• _TASK_
The lines to extract run from the first line of the material below to the line containing "这是一根速比为2.85的江淮", both included; leave the pictures behind.

......

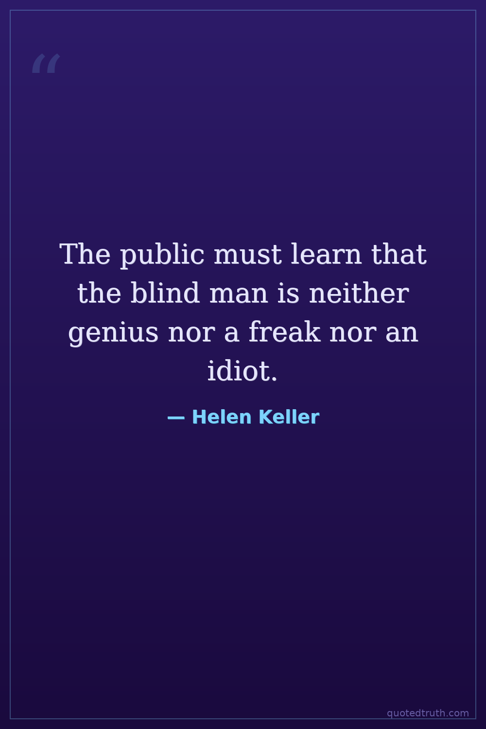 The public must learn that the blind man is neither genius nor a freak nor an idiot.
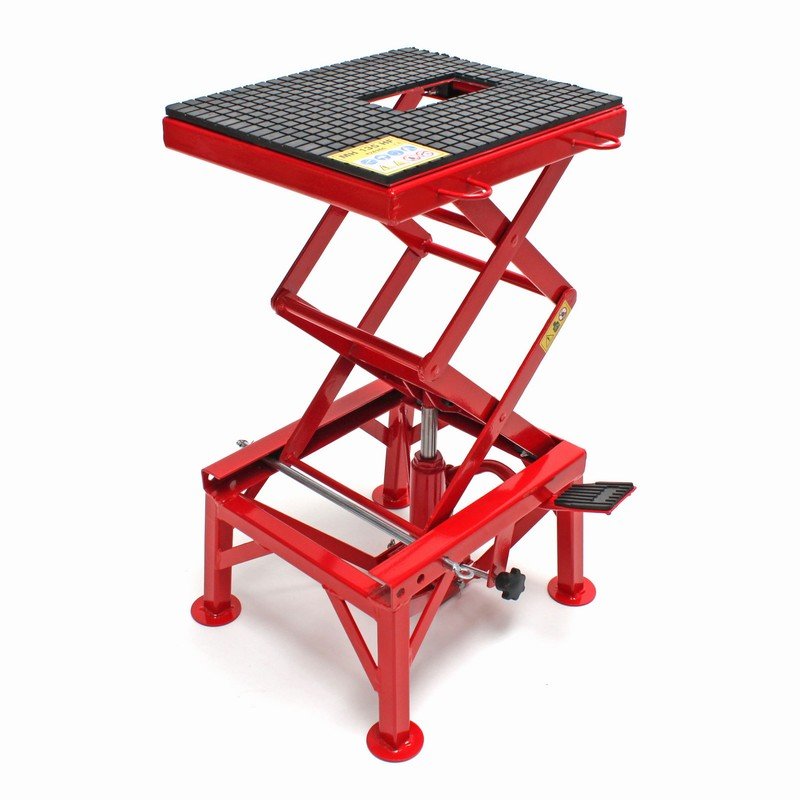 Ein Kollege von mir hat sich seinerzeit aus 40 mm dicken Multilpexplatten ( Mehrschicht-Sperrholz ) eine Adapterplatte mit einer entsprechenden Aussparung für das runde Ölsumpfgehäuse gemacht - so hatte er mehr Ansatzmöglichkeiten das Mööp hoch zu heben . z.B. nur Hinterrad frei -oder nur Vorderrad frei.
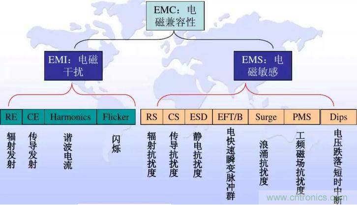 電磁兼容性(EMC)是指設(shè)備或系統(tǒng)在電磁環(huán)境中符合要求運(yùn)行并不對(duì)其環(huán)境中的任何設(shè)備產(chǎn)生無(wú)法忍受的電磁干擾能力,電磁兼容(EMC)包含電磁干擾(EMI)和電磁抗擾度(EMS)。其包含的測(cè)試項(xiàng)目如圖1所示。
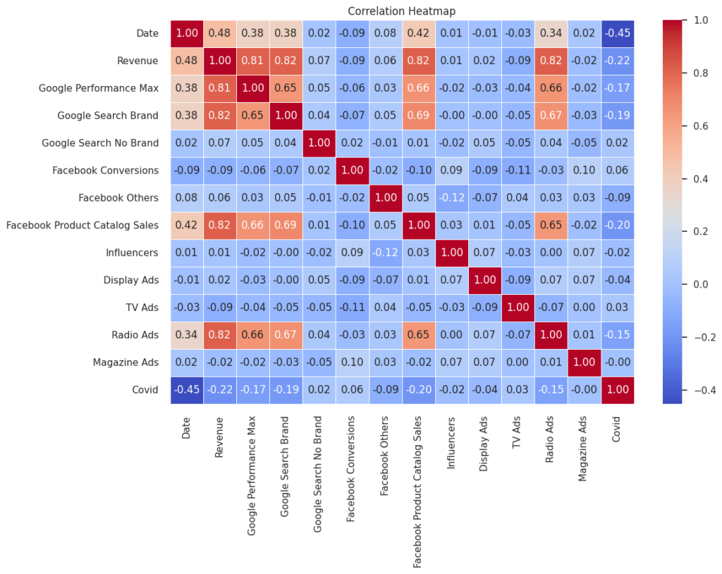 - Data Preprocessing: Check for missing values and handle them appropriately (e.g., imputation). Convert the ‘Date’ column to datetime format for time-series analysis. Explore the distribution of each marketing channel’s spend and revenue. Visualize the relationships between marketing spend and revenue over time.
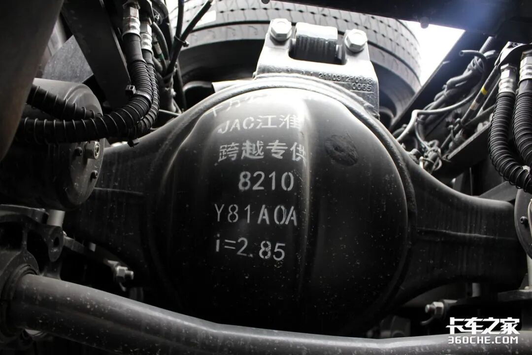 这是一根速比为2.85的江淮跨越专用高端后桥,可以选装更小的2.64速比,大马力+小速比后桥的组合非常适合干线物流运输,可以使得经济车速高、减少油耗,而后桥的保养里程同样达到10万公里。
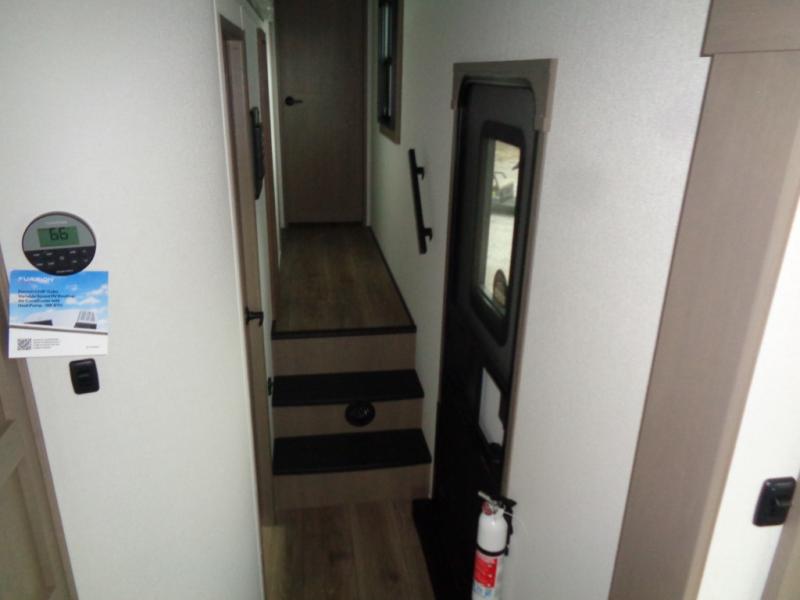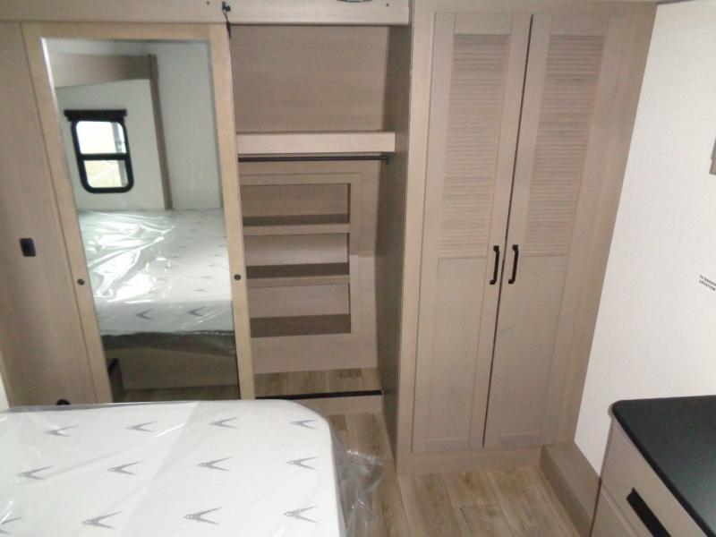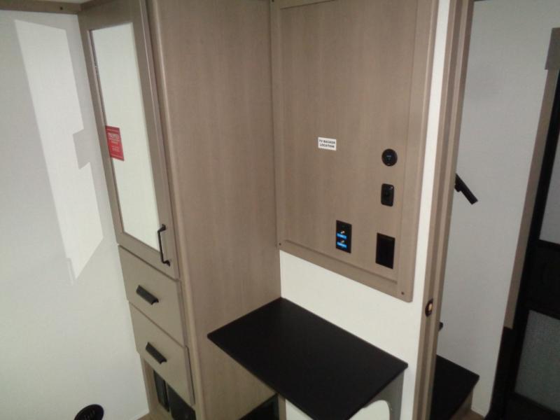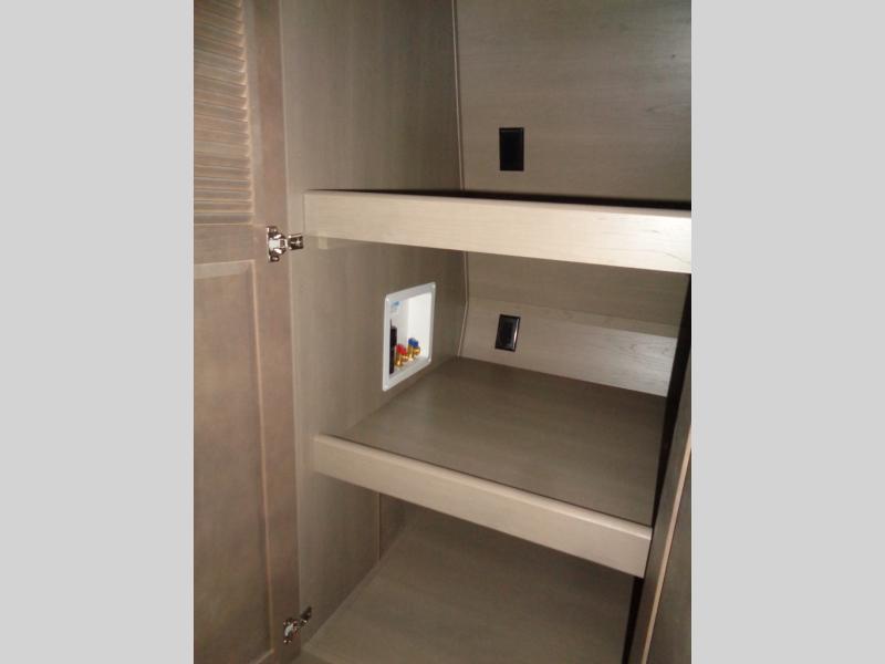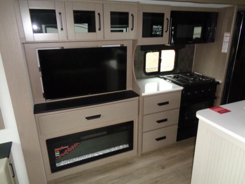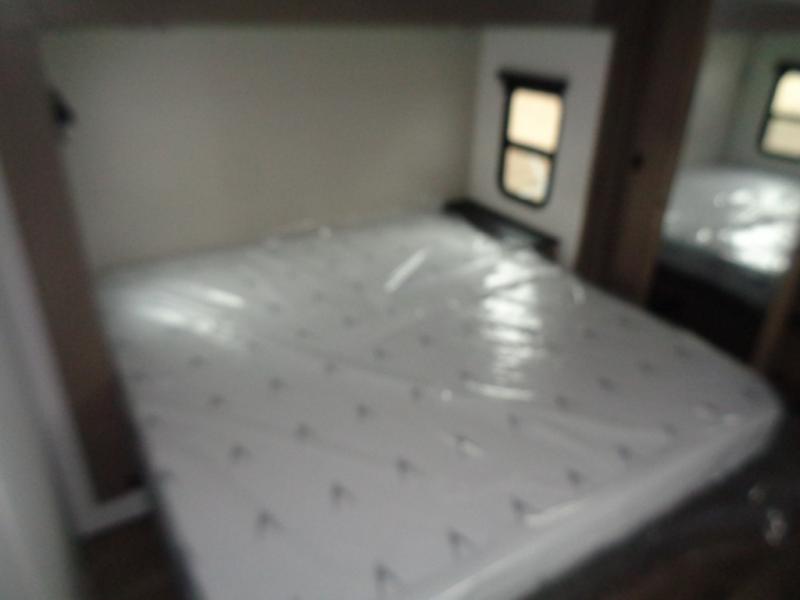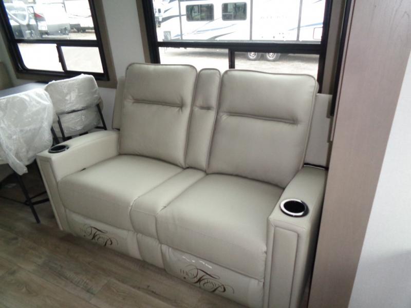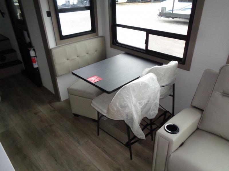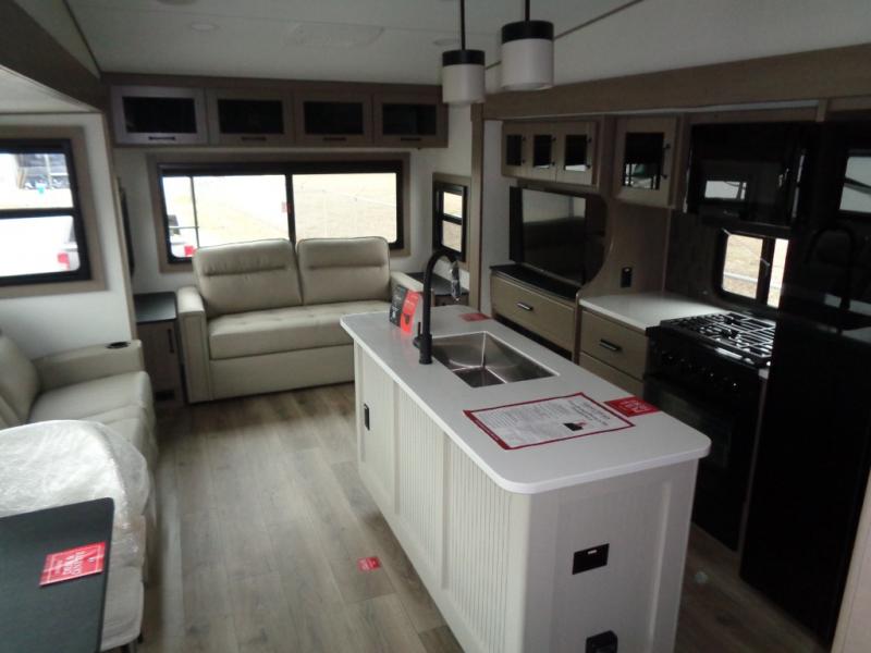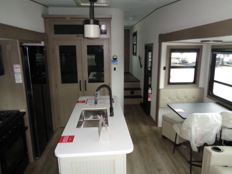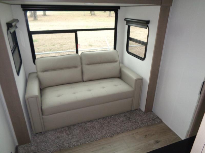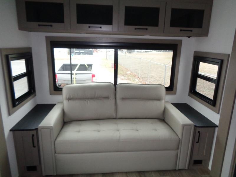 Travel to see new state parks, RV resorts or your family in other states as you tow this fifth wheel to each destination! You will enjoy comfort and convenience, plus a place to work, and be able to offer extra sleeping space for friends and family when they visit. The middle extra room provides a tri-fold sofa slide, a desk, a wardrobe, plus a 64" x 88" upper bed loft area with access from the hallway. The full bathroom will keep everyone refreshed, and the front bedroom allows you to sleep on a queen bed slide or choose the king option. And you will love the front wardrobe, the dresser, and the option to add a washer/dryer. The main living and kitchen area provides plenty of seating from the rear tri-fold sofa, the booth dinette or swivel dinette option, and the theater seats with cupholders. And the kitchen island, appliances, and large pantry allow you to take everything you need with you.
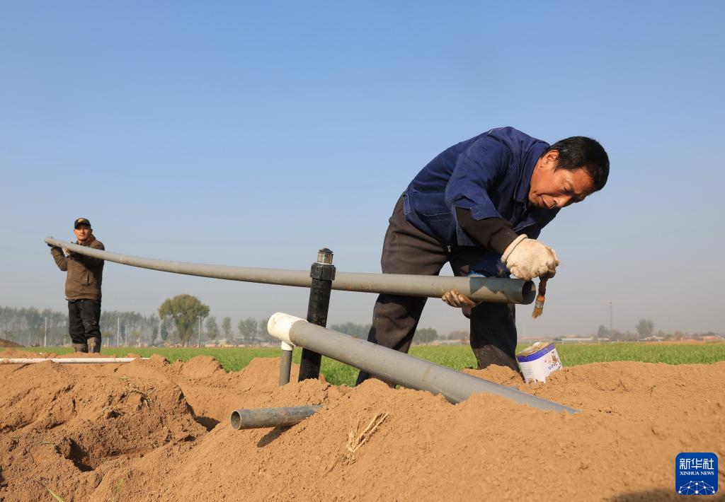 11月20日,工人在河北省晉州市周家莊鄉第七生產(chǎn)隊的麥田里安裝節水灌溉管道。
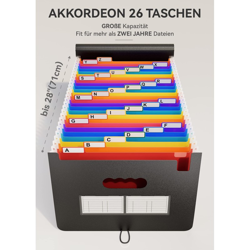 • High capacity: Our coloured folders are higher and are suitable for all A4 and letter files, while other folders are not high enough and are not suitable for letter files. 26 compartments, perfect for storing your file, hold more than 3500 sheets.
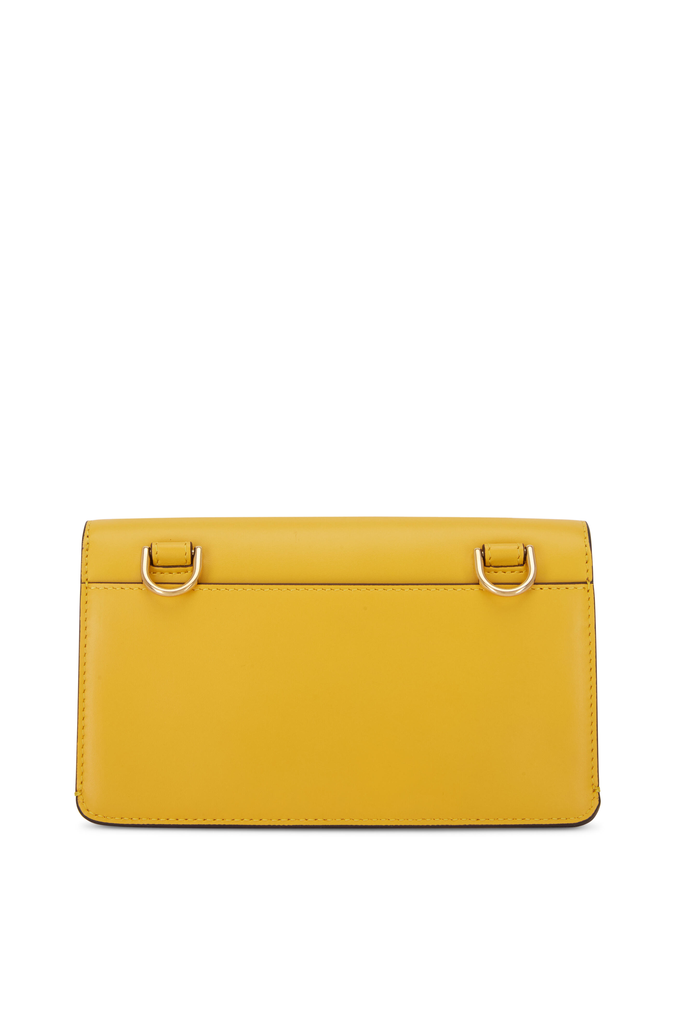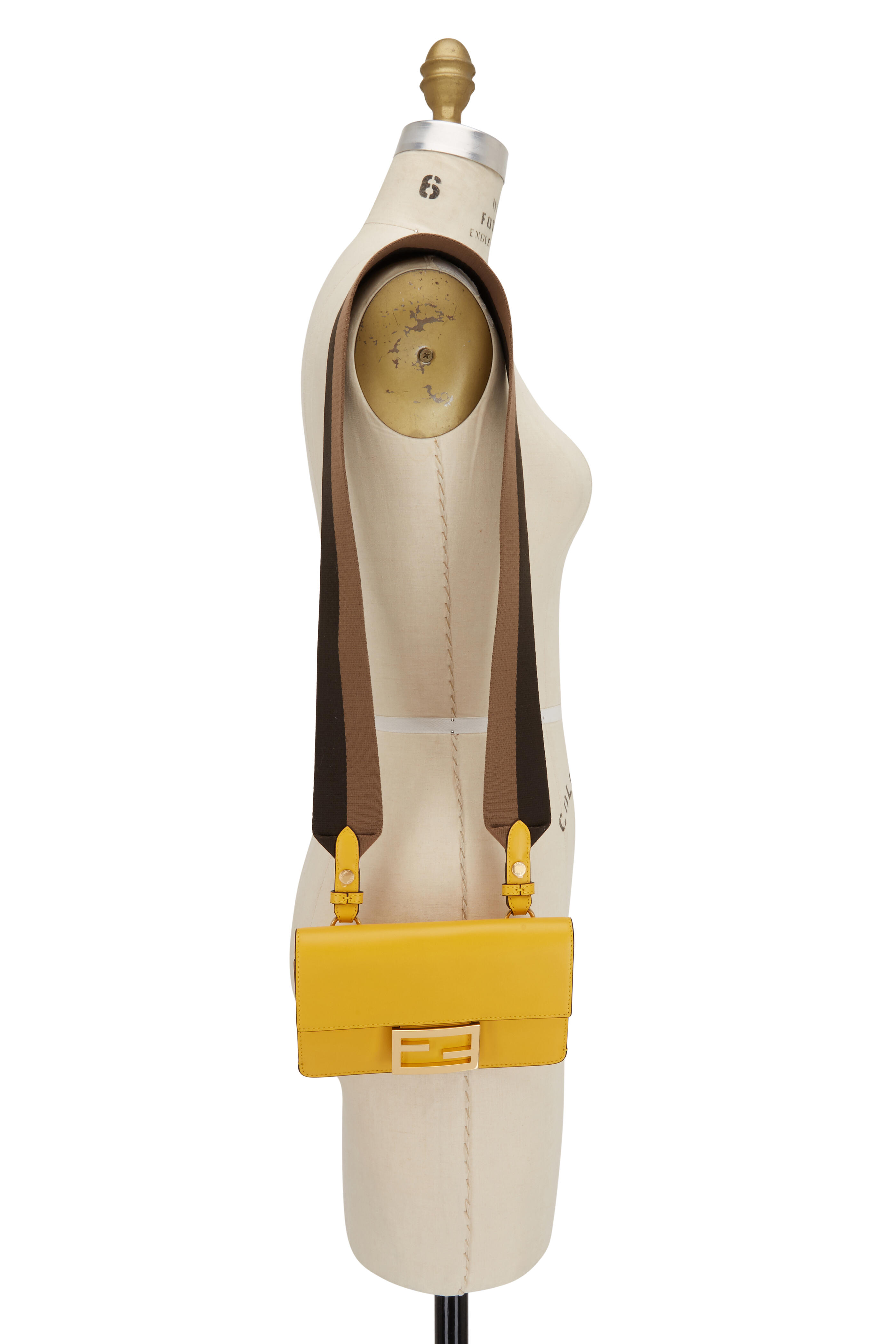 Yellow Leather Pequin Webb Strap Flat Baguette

......

• _ANSWER TO THE EXERCISE_
 The public must learn that the blind man is neither genius nor a freak nor an idiot.
 Ein Kollege von mir hat sich seinerzeit aus 40 mm dicken Multilpexplatten ( Mehrschicht-Sperrholz ) eine Adapterplatte mit einer entsprechenden Aussparung für das runde Ölsumpfgehäuse gemacht - so hatte er mehr Ansatzmöglichkeiten das Mööp hoch zu heben . z.B. nur Hinterrad frei -oder nur Vorderrad frei.
 電磁兼容性(EMC)是指設(shè)備或系統(tǒng)在電磁環(huán)境中符合要求運(yùn)行并不對(duì)其環(huán)境中的任何設(shè)備產(chǎn)生無(wú)法忍受的電磁干擾能力,電磁兼容(EMC)包含電磁干擾(EMI)和電磁抗擾度(EMS)。其包含的測(cè)試項(xiàng)目如圖1所示。
 - Data Preprocessing: Check for missing values and handle them appropriately (e.g., imputation). Convert the ‘Date’ column to datetime format for time-series analysis. Explore the distribution of each marketing channel’s spend and revenue. Visualize the relationships between marketing spend and revenue over time.
 这是一根速比为2.85的江淮跨越专用高端后桥,可以选装更小的2.64速比,大马力+小速比后桥的组合非常适合干线物流运输,可以使得经济车速高、减少油耗,而后桥的保养里程同样达到10万公里。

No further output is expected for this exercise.